MLB.com confirmed the 30-year-old Cabrera agreed to a deal worth an estimated $42-43.5 million, pending a physical.

Cabrera does carry some baggage after being suspended for 50-games during the 2012 season with the Giants for testing positive for performance-enhancing drugs. That mistake cost him a National League batting title and a chance to play in the postseason for the eventual world champs.

Cabrera and his associates compounded the problem when a “paid consultant” of his agent, Seth Levinson, created a fake website in an effort to concoct a story that he inadvertently took the banned substance that led to the positive test. MLB investigators quickly sniffed out that ruse.

Cabrera’s past will always be part of his resume, but as Jhonny Peralta and Nelson Cruz have proven, there no longer seems to be any stigma to giving out lucrative deals to players associated with PEDs.

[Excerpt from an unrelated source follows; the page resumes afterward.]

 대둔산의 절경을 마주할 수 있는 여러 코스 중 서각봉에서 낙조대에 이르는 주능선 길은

The move gives the Sox some much-needed on-base percentage from the left field spot, and another table-setter to join Adam Eaton. They’ve been in discussions with the Mariners on Dayan Viciedo, who also had pursued Cabrera. The signing suggests Vicideo is all but gone in a trade, whether it’s the Mariners or some other AL team.

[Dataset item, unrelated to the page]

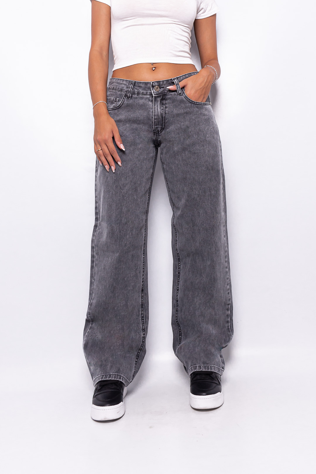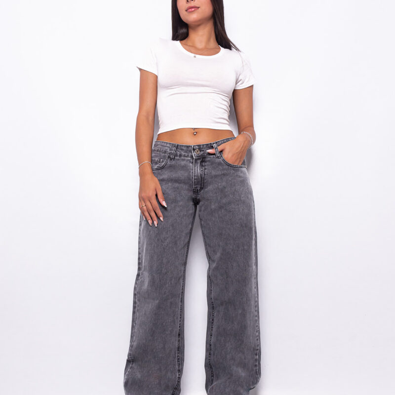 Baggy Rígido Tiro Bajo Celeste Nevado con Hebillas y Ruedo Normal

Between Adam La Roche, David Robertson and Cabrera, the Sox have now spent over $113 million on three key free agents while filling holes at DH, closer and left field. They also acquired A’s starter Jeff Samardzija in a six-player deal. It’s the biggest offseason since general manager Rick Hahn took over, and indicates they’re looking to win now, as manager Robin Ventura reiterated at the winter meetings.

“We were setting ourselves up to do something at this winter meetings,” he said, “The last couple years, there really were not a lot of opportunities. We had a couple trades, but nothing of this magnitude. So that’s the part where you’re changing the mood and the view of how people see it.”

The switch-hitting Cabrera, who began his major league career with the Yankees in 2005, is a career .286 hitters with a .339 on-base percentage. His best season was in 2012 when Cabrera was the All-Star Game MVP and was leading the NL with a .346 average in mid-August while posting a .390 OBP.

But the positive test for testosterone led to the 50-game suspension, including the final 45 games of the regular season. At Cabrera’s request, MLB and the players union agreed to disqualify him for the batting title, and the Giants decided to leave him off their postseason roster.

“To be plain, I personally have no wish to win an award that would widely be seen as tainted, and I believe that it would be far better for the remaining contenders to compete for that distinction,” Cabrera wrote in a letter to the union. “So too, the removal of my name from consideration will permit me to focus on my goal of working hard upon my return to baseball so that I may be able to win that distinction in a season played in full compliance with league rules. To be plain, I plan to work hard to vindicate myself in that very manner.”

Teammate Buster Posey was awarded the title with a .336 average, even though Cabrera had enough at-bats to qualify.

“He was just manning up and saying he was wrong and he took himself out of the race,” said Pirates outfielder Andrew McCutchen, who finished second. “It was man of him to do that. I guess he thought that was the right thing to do and I commend him for doing that.”

After the season, Cabrera agreed to a two-year, $16 million deal with the Blue Jays. He hit .301 in 2014 with a .351 OBP, hitting 16 home runs, 35 doubles and 73 RBI.

The Sox will surrender a third-round draft pick for signing Cabrera, after giving up a second-rounder for signing Robertson.